Starting off with fixing up the historial rental dataset from old listings

In [154]:
df1 = pd.read_csv('../data/landing/rental_history_scrape1.csv', encoding='ISO-8859-1')
df2 = pd.read_csv('../data/landing/rental_history_scrape2.csv', encoding='ISO-8859-1')
combined_rental_history_df = pd.concat([df1, df2], ignore_index=True)

In [129]:
combined_rental_history_df['Property Type'].unique()

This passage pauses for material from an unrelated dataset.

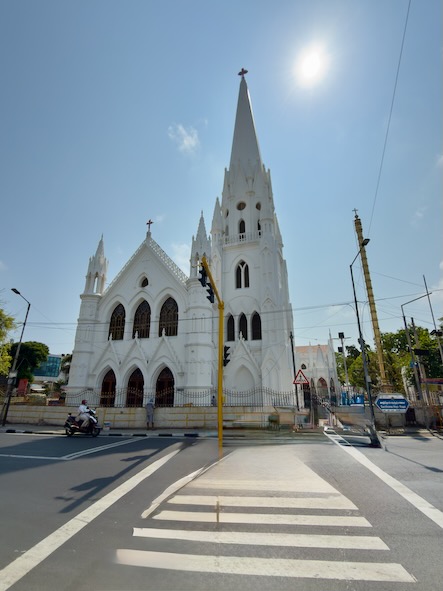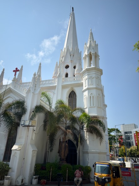Unser Ziel war das Chennai Lighthouse, das seit 1977 mit seinen 46 Metern Höhe über die Küste wacht. Von dort aus ließen wir den Strand hinter uns und tauchten wieder in das geschäftige Stadtleben ein, bis wir schließlich die beeindruckende San Thome Basilica erreichten. Sie soll über dem Grab von Thomas the Apostle stehen, der der Legende nach bereits im Jahr 52 n. Chr. nach Indien kam. Die strahlend weiße Kirche, ursprünglich im 16. Jahrhundert von den Portugiesen erbaut und später im neugotischen Stil erweitert, wirkte wie ein ruhiger Gegenpol zur lauten Stadt.

array(['Category : House', nan, 'Category : Townhouse',
       'Category : Unit/apmt', 'Category : Commercial',
       'Category : Rental_residential', 'Category : Available Now',
       'Category : Villa', 'Category : Medical/consulting',
       'Category : Apartment', 'Category : Duplexsemi-detached',
       'Category : Duplex, Semi', 'Category : Semi',
       'Category : Home Unit', 'Category : Rural', 'Category : Unit',
       'Category : Residential Lease', 'Category : Duplex',
       'Category : Town Home', 'Category : Flat',
       'Category : Semi-detatched', 'Category : Other',
       'Category : Penthouse', 'Category : Villa, Unit, Land',
       'Category : Home', 'Category : Studio', 'Category : Available',
       'Category : Available Date', 'Category : Offices',
       'Category : Semi-detached', 'Category : Semi/duplex',
       'Category : Duplexsemidetached', 'Category : Semi Detached',
       'Category : Duplex/semi Detach', 'Category : Villa For',
       'Category : In

There are many property types which are not residential. We will have to remove those

In [130]:


# Define non-residential keywords
non_residential_keywords = ['Commercial', 'Medical/consulting', 'Offices', 
                            'Industrial', 'Tourism', 'Retail', 'Healthcare',
                            'Car Space', 'Land', 'Acreage/semi-rural', 'Vacantland']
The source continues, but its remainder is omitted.